* [LISTED ENTRIES]
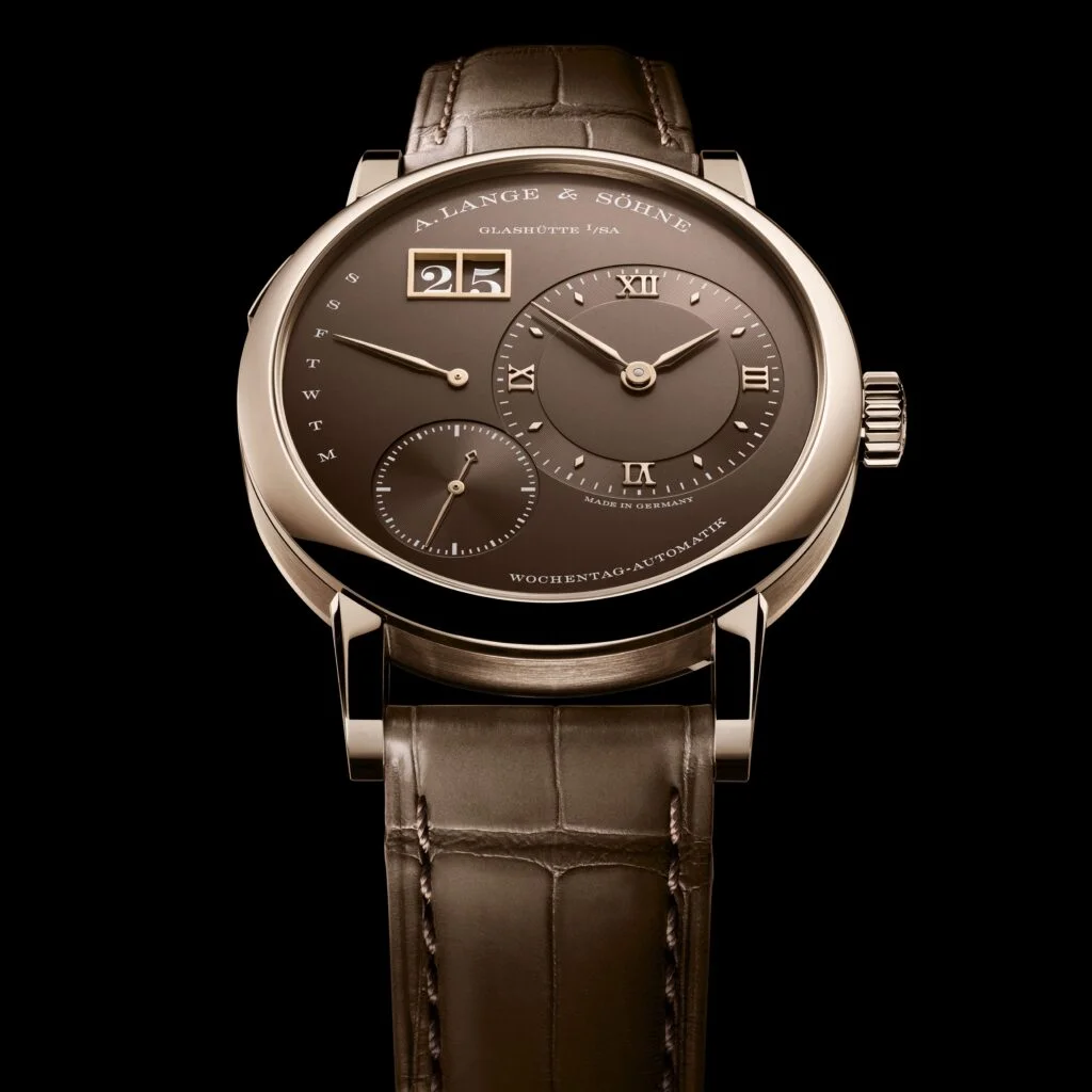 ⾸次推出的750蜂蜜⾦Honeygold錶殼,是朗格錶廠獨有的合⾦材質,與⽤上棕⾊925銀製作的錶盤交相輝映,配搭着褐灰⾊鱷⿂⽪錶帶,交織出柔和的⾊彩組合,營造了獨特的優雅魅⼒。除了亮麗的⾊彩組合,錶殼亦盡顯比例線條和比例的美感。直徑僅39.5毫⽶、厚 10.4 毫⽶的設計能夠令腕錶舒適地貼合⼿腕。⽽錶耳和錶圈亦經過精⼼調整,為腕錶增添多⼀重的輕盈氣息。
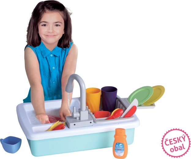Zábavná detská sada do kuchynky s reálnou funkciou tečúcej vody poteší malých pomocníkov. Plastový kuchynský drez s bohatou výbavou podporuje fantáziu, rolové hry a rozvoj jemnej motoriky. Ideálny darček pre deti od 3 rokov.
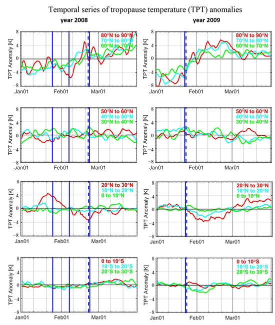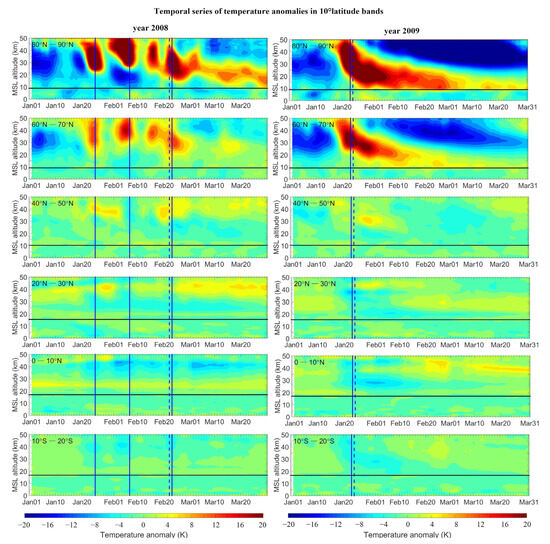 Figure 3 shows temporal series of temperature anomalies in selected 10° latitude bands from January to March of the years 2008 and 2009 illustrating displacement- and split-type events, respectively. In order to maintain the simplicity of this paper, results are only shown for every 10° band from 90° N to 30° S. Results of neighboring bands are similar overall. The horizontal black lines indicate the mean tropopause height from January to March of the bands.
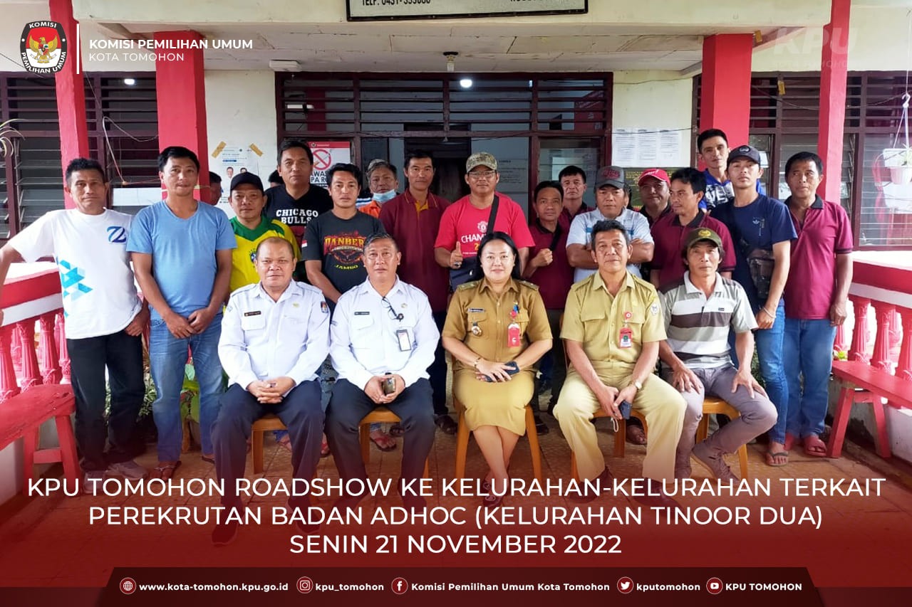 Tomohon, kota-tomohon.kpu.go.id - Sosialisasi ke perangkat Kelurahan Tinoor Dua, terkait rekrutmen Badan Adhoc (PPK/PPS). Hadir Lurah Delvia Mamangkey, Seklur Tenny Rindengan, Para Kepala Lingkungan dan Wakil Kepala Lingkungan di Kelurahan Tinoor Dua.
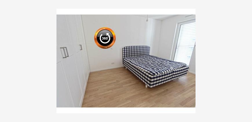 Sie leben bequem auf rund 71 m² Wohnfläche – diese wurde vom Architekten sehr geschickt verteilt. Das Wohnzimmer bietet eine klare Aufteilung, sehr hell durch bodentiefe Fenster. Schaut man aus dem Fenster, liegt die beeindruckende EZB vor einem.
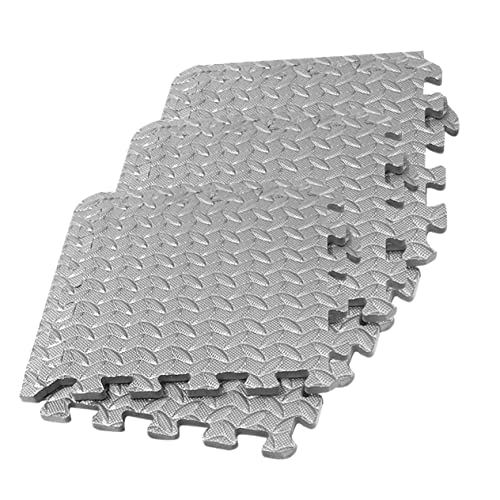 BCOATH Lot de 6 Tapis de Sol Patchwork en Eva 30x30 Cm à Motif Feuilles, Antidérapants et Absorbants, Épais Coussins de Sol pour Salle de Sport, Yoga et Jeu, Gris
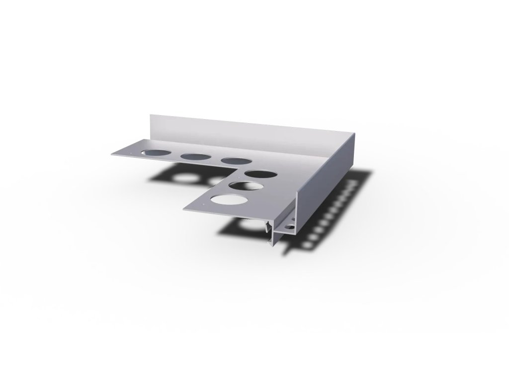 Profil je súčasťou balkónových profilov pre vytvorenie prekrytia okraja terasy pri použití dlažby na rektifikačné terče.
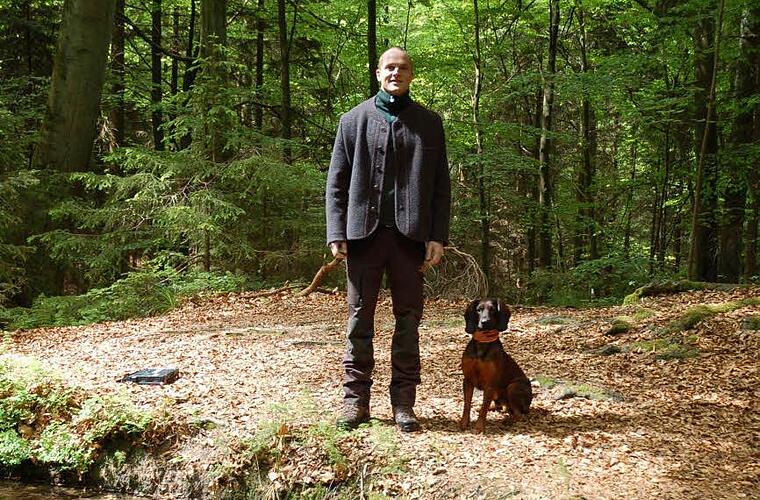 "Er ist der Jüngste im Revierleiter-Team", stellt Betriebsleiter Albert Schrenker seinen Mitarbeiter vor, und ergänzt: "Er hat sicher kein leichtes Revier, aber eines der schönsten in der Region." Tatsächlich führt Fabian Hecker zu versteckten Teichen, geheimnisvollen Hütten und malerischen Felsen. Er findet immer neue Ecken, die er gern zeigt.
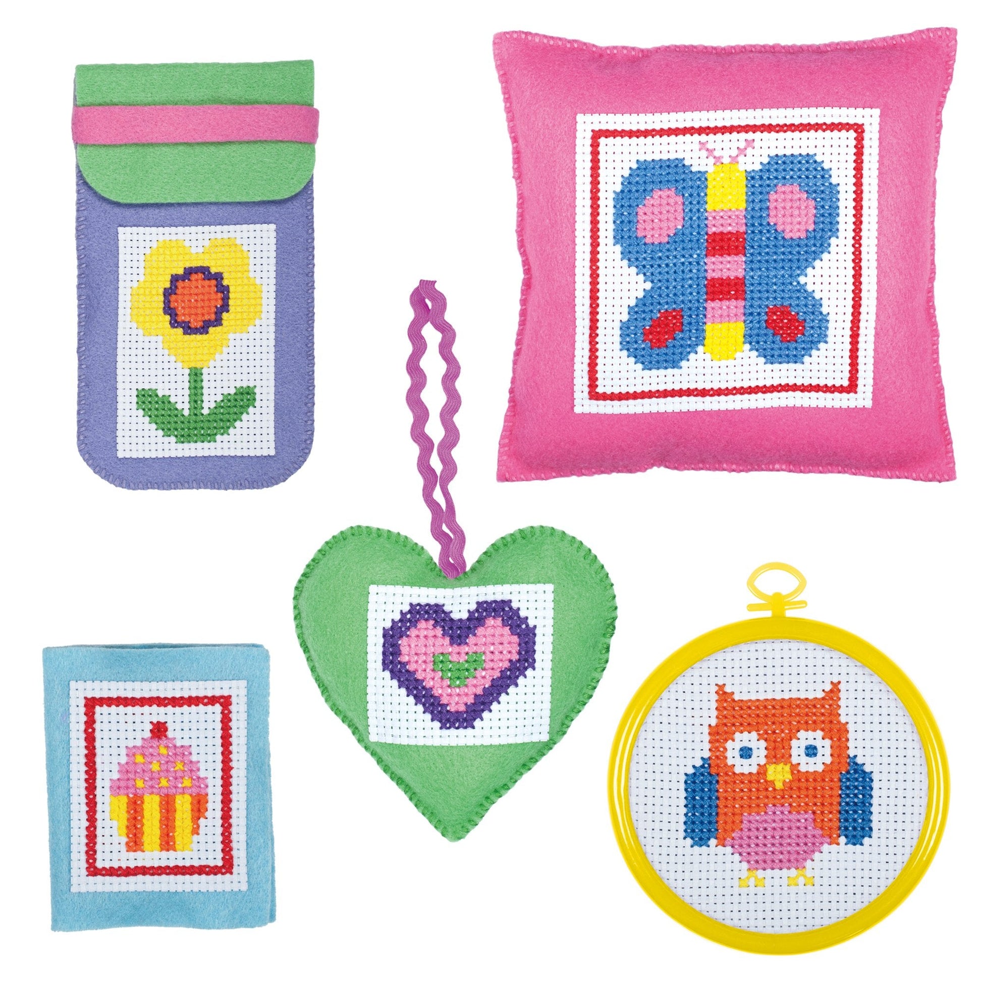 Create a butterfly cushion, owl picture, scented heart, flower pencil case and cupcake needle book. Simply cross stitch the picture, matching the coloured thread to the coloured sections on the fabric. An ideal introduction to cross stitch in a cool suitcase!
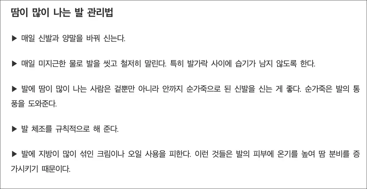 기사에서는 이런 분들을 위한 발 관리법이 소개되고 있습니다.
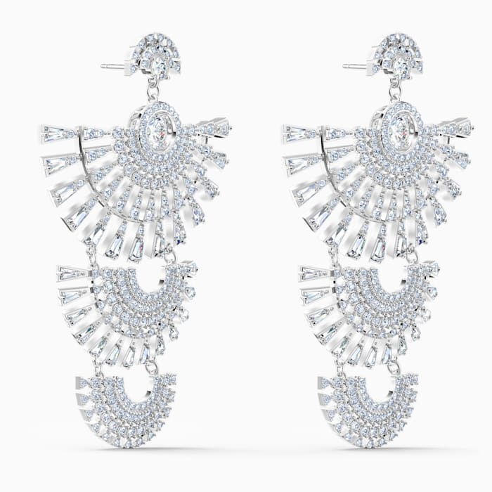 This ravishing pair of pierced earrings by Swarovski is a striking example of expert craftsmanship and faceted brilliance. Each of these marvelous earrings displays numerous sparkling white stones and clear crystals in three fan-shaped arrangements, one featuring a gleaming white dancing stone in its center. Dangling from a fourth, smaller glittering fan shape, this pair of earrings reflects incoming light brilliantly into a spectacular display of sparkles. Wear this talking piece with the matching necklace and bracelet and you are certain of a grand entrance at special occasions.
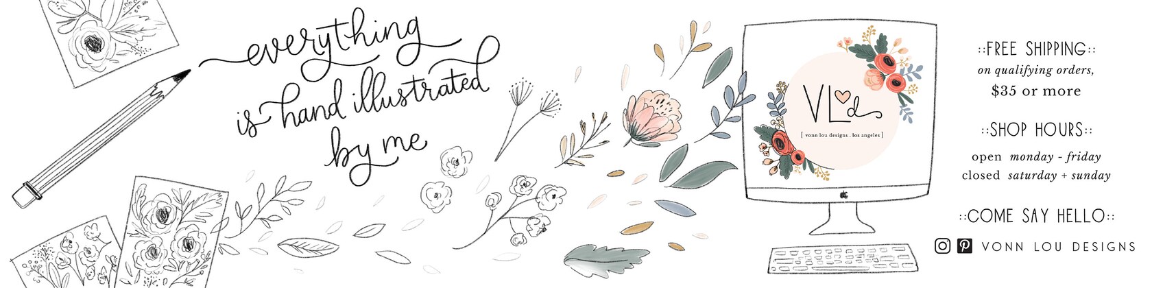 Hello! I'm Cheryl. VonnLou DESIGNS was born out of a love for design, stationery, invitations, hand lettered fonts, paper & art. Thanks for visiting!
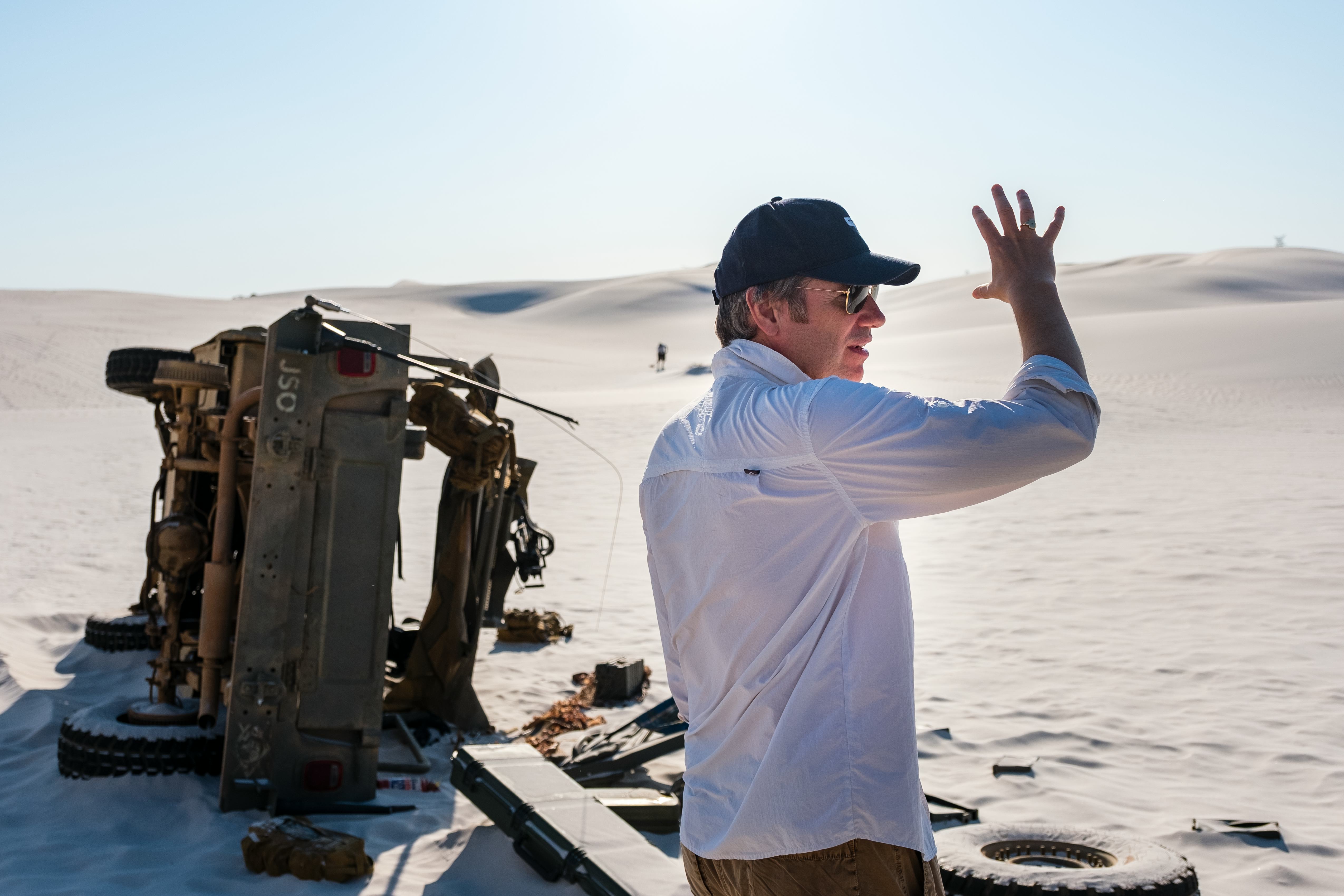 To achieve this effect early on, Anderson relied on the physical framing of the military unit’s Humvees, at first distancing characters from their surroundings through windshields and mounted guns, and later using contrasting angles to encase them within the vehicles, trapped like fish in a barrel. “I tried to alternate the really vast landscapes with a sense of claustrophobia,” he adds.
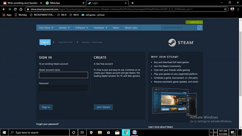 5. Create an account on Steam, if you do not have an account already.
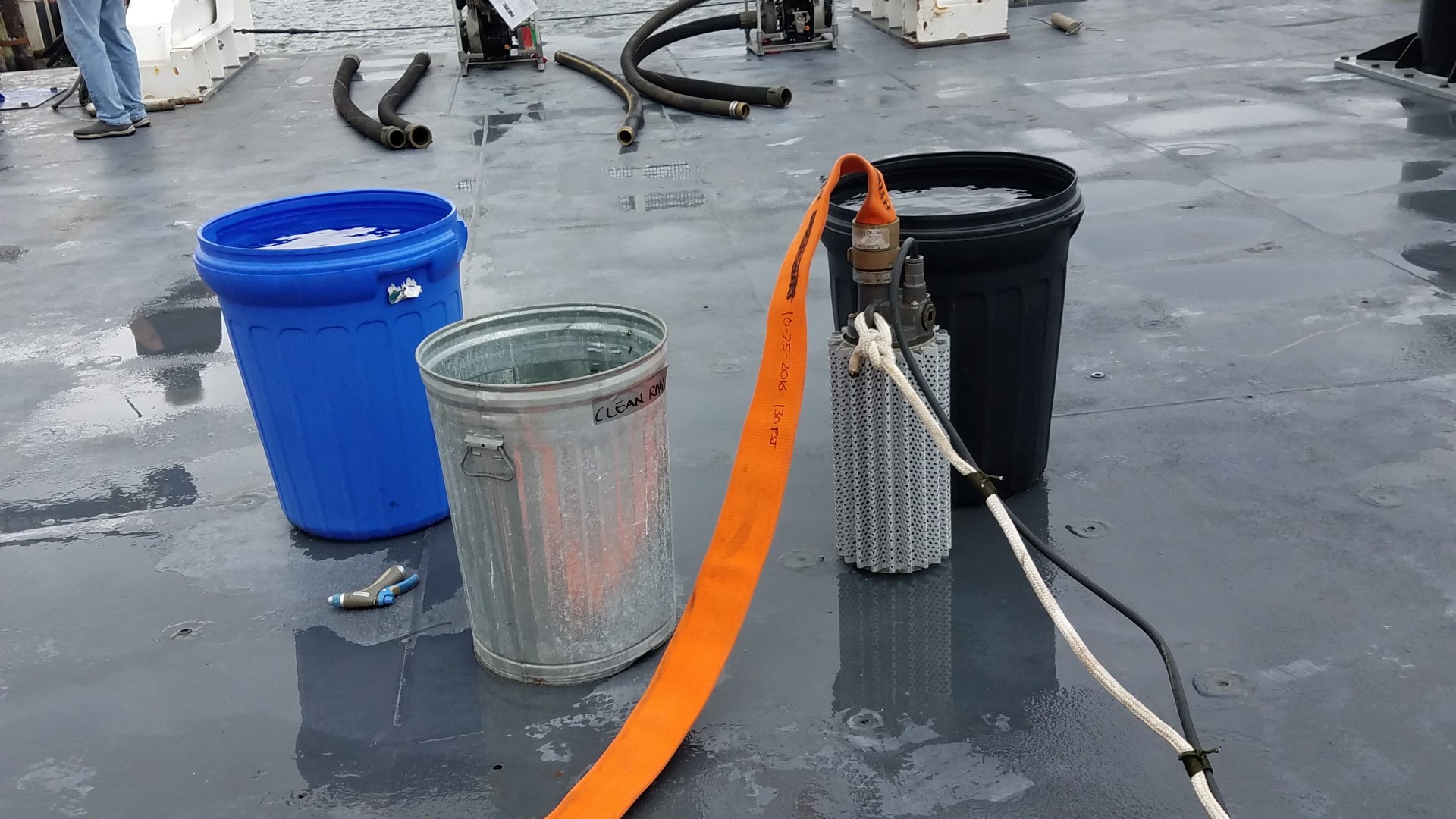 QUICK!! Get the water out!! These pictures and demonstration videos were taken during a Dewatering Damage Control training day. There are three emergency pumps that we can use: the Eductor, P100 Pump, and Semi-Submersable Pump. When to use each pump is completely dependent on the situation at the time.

* [WHAT IS BEING ASKED] In the listing above, find the line containing "To achieve this" and the line containing "5. Create an", then write out both of them and every line between, exactly, with no pictures.

* [YOUR RESPONSE]
 To achieve this effect early on, Anderson relied on the physical framing of the military unit’s Humvees, at first distancing characters from their surroundings through windshields and mounted guns, and later using contrasting angles to encase them within the vehicles, trapped like fish in a barrel. “I tried to alternate the really vast landscapes with a sense of claustrophobia,” he adds.
 5. Create an account on Steam, if you do not have an account already.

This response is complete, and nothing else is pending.